"Woman in Chains" is a song by English band Tears for Fears, released as the second single from their third studio album, The Seeds of Love (1989). It has been described as a "feminist anthem". It was an international success, reaching the top 40 in several countries, including the United Kingdom, the United States, Canada, France, and the Netherlands.

The studio cut features Phil Collins on drums. "Tears for Fears just wanted me to do that big drum thing from 'In the Air Tonight'..." Collins recalled. "'We want you to come in here in a big way.'" The song prominently features vocals by Oleta Adams, who went on to achieve a successful solo career. It was re-released in 1992 – with a different B-side and now credited to "Tears For Fears featuring Oleta Adams" – to capitalise on the singer's solo success and to promote the Tears for Fears compilation Tears Roll Down (Greatest Hits 82–92).
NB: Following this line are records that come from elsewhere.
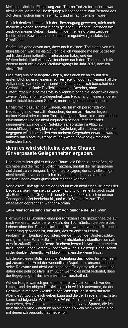 meinem Ableben schlicht in dem gleichen Zustand zu befinden wie auch vor meiner Geburt: Nämlich in dem, eines großen zeitlosen Nichts, ohne Bewusstsein und ohne ein irgendwie geartetes Ich- Empfinden. Sprich, ich gehe davon aus, dass nach meinem Tod nichts von mir übrig bleiben wird als die Spuren, die ich während meiner Lebzeiten auf Erden dann hoffentlich hinterlassen habe, und die Wahrscheinlichkeit eines Weiterlebens nach dem Tod halte ich für ebenso hoch wie die des Weltuntergangs im Jahr 2012, nämlich gleich Null.Dies mag nun sehr negativ klingen, aber auch wenn es auf den ersten Blick so erscheinen mag, vertrete ich doch auf keinen Fall die Auffassung, das Leben sei sinnlos. Denn tatsächlich bereichert der Gedanke an die finale Endlichkeit meines Daseins, ohne Hintertürchen in eine rosarote Wolkenwelt, ohne die Möglichkeit eines zweiten Anlaufs, ohne Gelegenheit zum Neuanfang in einer anderen und vielleicht besseren Sphäre, mein jetziges Leben ungemein. Er hält mich dazu an, den Dingen, die für mich persönlich von Bedeutung sind, wie z.B. Menschen, die mir am Herzen liegen, meiner Kunst oder meinen Tieren genügend Raum in meinem Leben einzuräumen und sie nicht zugunsten selbstauferlegter oder suggerierter Zwänge und Perfektionsansprüche im Alltag zu vernachlässigen. Er gibt mir das Bestreben, allen Lebewesen so zu begegnen wie ich es selbst von meinem Gegenüber erwarten würde, nämlich mit Mitgefühl, Respekt und - wenn notwendig - mit einer helfenden Hand, denn es wird sich keine zweite Chance
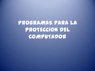 Este documento describe diferentes programas para proteger computadores, incluyendo antivirus y firewalls. Explica que un antivirus previene y elimina virus, y que hay varios antivirus gratuitos disponibles. Un firewall monitorea el tráfico de red entrante y saliente y bloquea o permite acceso de acuerdo a su configuración para proteger la computadora. También describe brevemente qué son virus informáticos y cómo se transmiten a través de correos electrónicos.
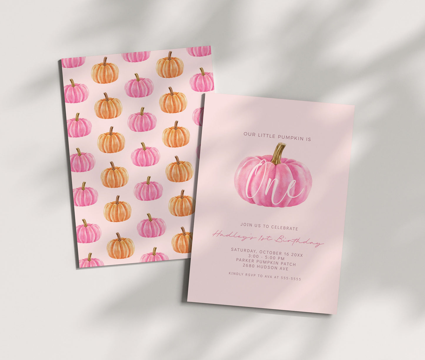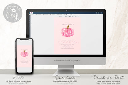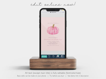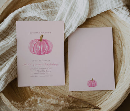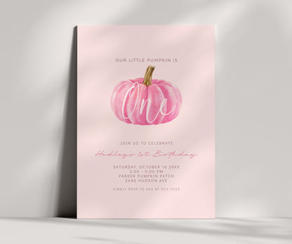 Pink Pumpkin 1st Birthday Invitation

This time, it reached number 57 in the UK.

Content
"Woman in Chains" was recorded as a duet. Orzabal explained the impetus for the lyric to Melody Maker: "I was reading some feminist literature at the time and I discovered that there are societies in the world still in existence today that are non-patriarchal. They don't have the man at the top and the women at the bottom. They're matricentric—they have the woman at the centre and these societies are a lot less violent, a lot less greedy and there's generally less animosity... but the song is also about how men traditionally play down the feminine side of their characters and how both men and women suffer for it.... I think men in a patriarchal society are sold down the river a bit—okay, maybe we're told that we're in control but there are also a hell of a lot of things that we miss out on, which women are allowed to be".

During a 2021 interview with the Louder website, when asked if the song is the feminist anthem it’s usually read as, Orzabal replied: "Um... it was really about my mother. At one point in her life she was a stripper. My father and she ran an entertainment agency from a council house in Portsmouth. So she would go out to strip, and my father would send a driver out with her to spy on her. If she talked to another man, when she came back he would beat her up. So it's about domestic abuse."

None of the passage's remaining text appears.